When Daniel Smith announced their hand poured watercolor half pan sets on Doodlewash in July, I knew in a heartbeat which one I wanted. The limited palette featured in the Daniel Smith Sketcher half pan set was developed by Liz Steel for urban sketching. Containing both a bright and earth triad, the savvy color choices combine to create a sophisticated palette ideally suited to quick sketching. I’ve used a slight variation of this set for over three years in my own nature and landscape sketching, and I was eager to take the original Liz Steel basics for a spin.
Daniel Smith Sketcher Set Packaging
The display box for the Daniel Smith Sketcher set features a picture of the included colors in their travel case and labeled scans of color swatches wrap around the ends of the box. Cerulean Blue Chromium leans more turquoise than pictured on the box, and is suitable for a CMY (Cyan-Magenta-Yellow) triad.
A leaflet inside the box features full color pictures of each set on offer as well as scanned, labeled swatches. The pigment numbers and information are included for every color as well. Each set has an explanation either by the Daniel Smith team or a well-known artist to help artists use the colorways to full advantage.

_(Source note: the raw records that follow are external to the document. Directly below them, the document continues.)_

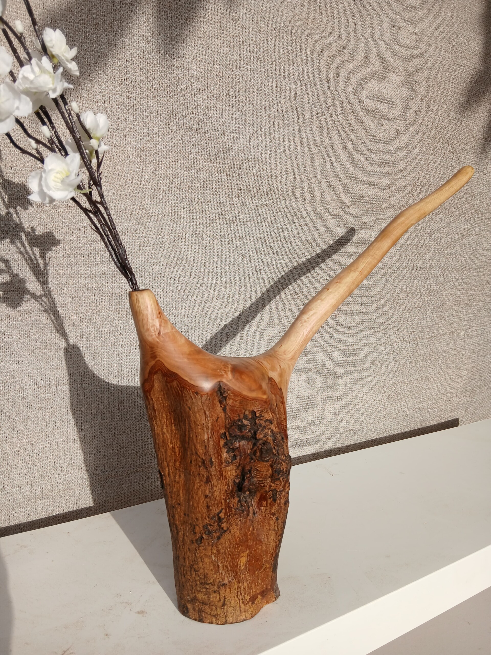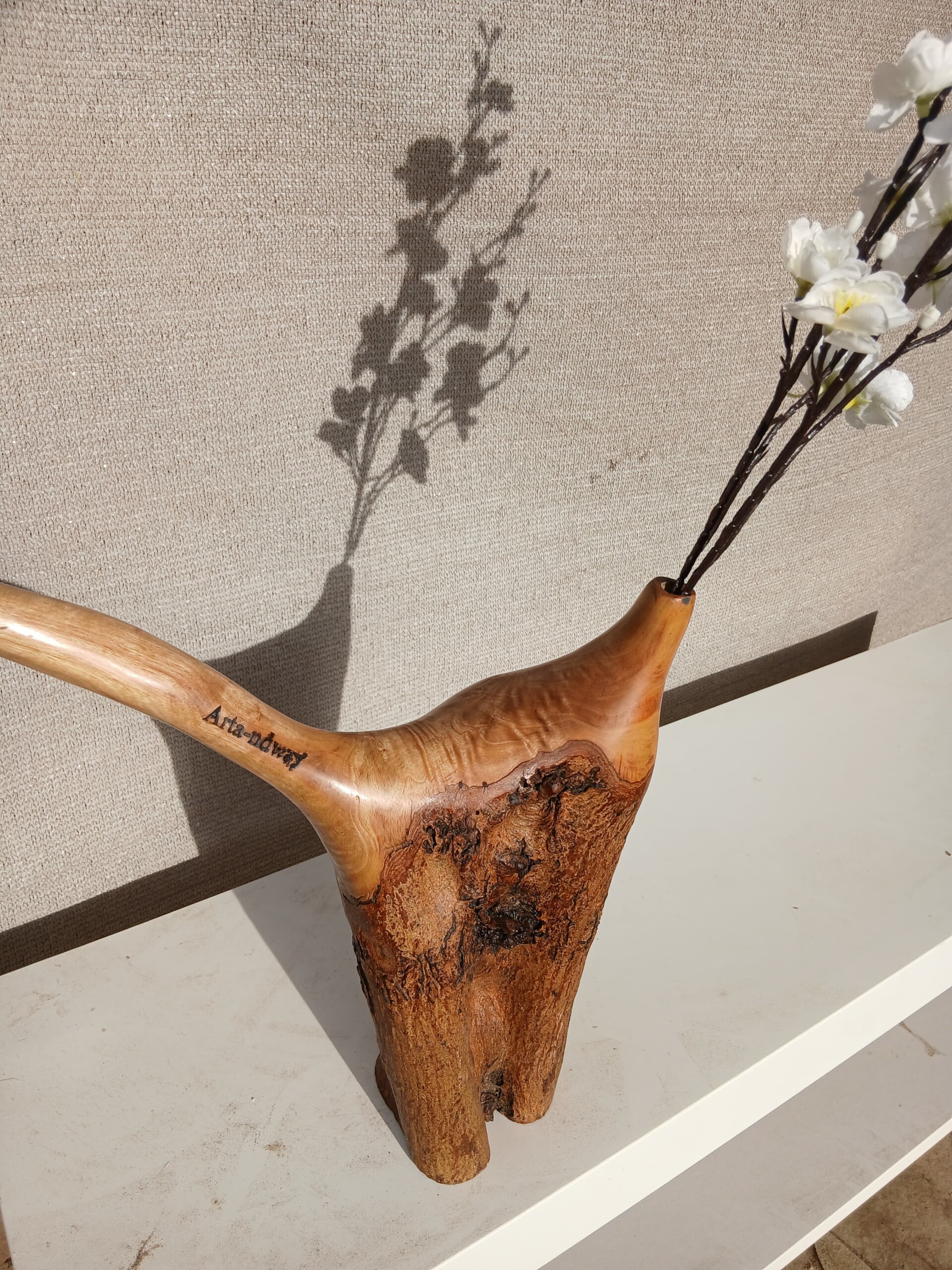 - Este jarrón de madera de olivo es una pequeña escultura nacida de la naturaleza que une rusticidad y elegancia.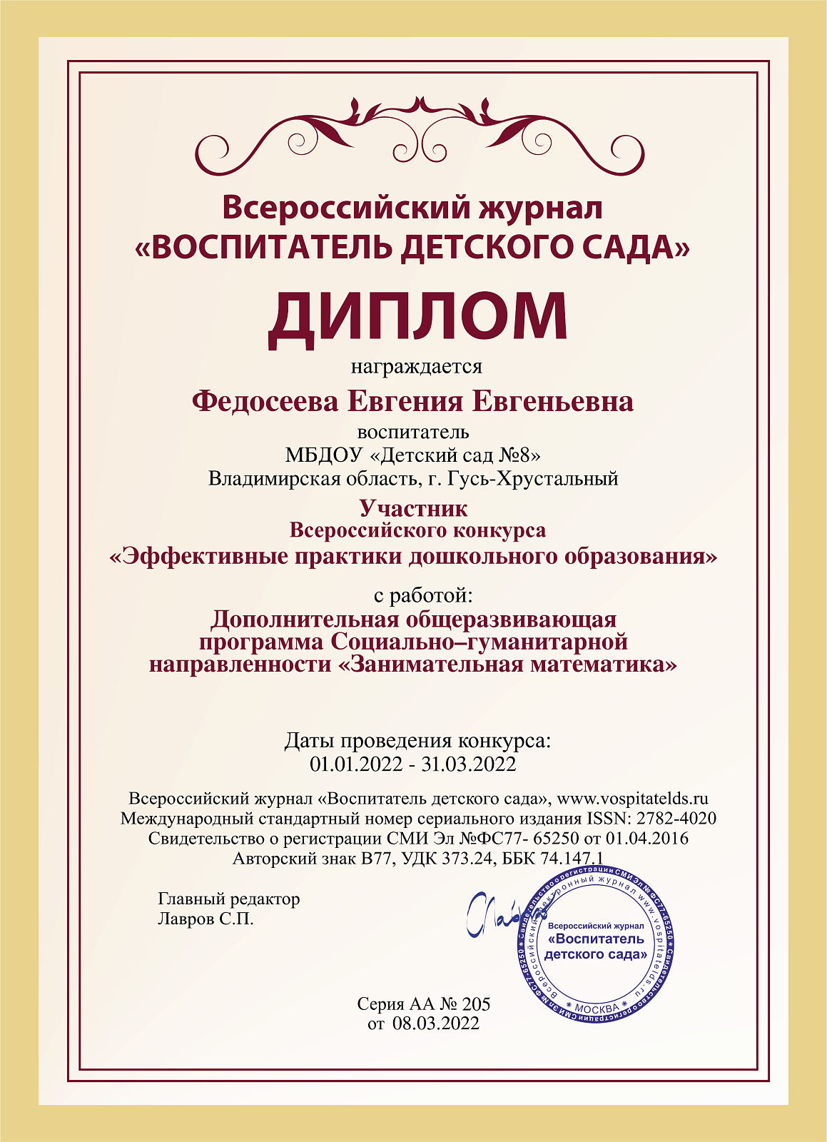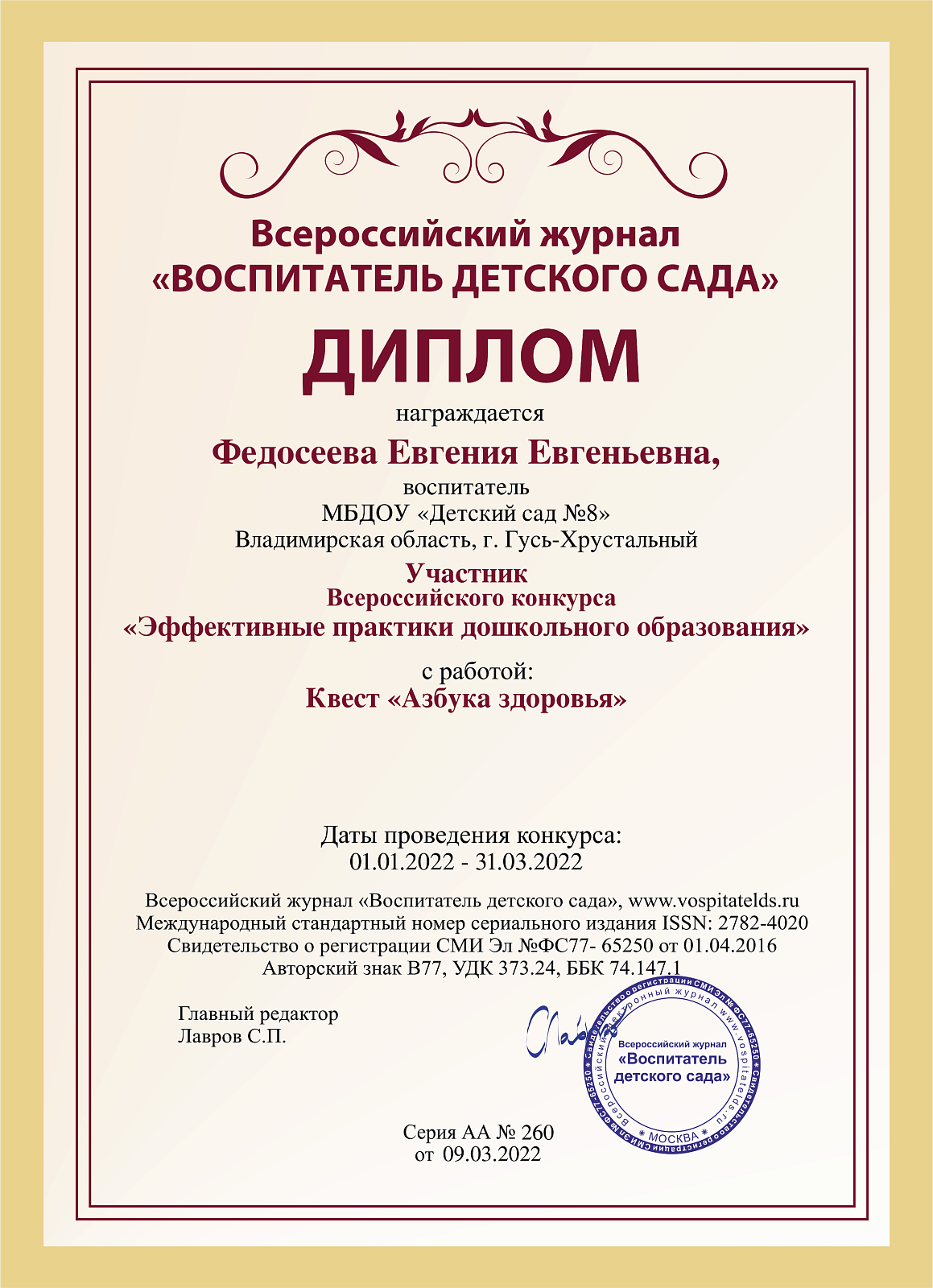 Педагоги нашего детского сада приняли участие во Всероссийском конкурсе "Эффективные практики дошкольного образования"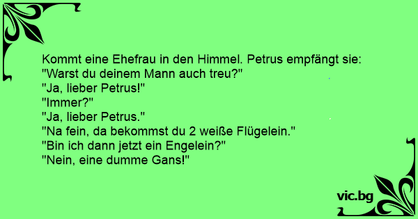 Kommt eine Ehefrau in den Himmel. Petrus empfängt sie: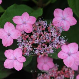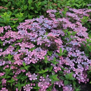 small hydrangea with beautiful small flower trusses. The size after 10 years is 75 cm. The flower colour is pink. The flowering period is June – August. This plant is hardy. Recommended quantity per square meter : 2. Common name : Hydrangea . . Is present in the plant shop. Please check actual availability in the current stocklist.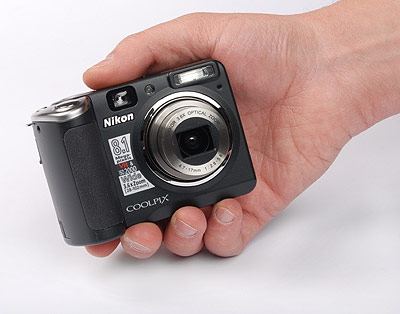 La P50 in mano: la fotocamera è dotata di impugnatura ergonomica gommata e le dimensioni contenute

The bonus travel case is made of the same plastic as the Winsor & Newton Pocket Sketch Box and has a large rose gold foil embossed logo. A card declaring “I’m Unique” adhered to the top informs the artist what to expect from Daniel Smith hand poured pans. The case closes securely, and can only be opened by lifting the corners. (The retaining tabs are directly beside the notch in the center front of the case; so you won’t be able to pop open the case from the front.) The lid doesn’t lie flat when open. The travel case cannot be used as a palette, so if you aren’t moving the colors into your existing palette, you may want to purchase a metal palette.
Inside the case, half pans fit into a molded grid 5 across by 3 deep. Pans remove easily by tipping the case or using a dental tool to lift them out. The half pans are too large to fit in my Portable Painter or Winsor & Newton plastic palettes, but they snap securely into my metal palettes. Filled pans are not wrapped or labeled in any way, empty pans have a Daniel Smith logo embossed into the bottom. Loose flecks of dried paint give a dirty appearance to the case when first opened, but wipe out easily.
The Daniel Smith Sketcher set contains six SINGLE PIGMENT colors: Hansa Yellow Medium, Quinacridone Rose, Cerulean Blue Chromium, Monte Amiata Raw Sienna, Transparent Red Oxide, and Ultramarine Blue.
Liz Steel designed this minimal mixing palette many years ago to contain both a bright and earth triad. Her website and Instagram feeds provide substantial information on mixing and sketching with these colors. I choose to swap the blues from the way she designed the palette so I have a CMY triad and a Classical triad.
The bright triad: Hansa Yellow, Quin Rose, and Cerulean Blue Chromium form a CMY palette that can be used to mix clean colors around the entire color wheel. Both the Hansa and the Cerulean are semi-transparent and low staining. The Quin Rose is transparent and staining, but easier to handle than most Quins on the market.
The earth triad: While all of the earth colors can be mixed using the bright triad, three color mixes are tedious while sketching. That problem is solved by including a desaturated earth trio along with the high key bright triad. Monte Amiata Raw Sienna is more golden than brown, washing out to soft yellows. Transparent Red Oxide is the same pigment used by some brands for burnt sienna. A little more difficult to handle than the easy-going Pbr 7 burnt sienna, PR101 pays off with brighter, more transparent color. A centuries old favorite, Ultramarine Blue, rounds out this triad.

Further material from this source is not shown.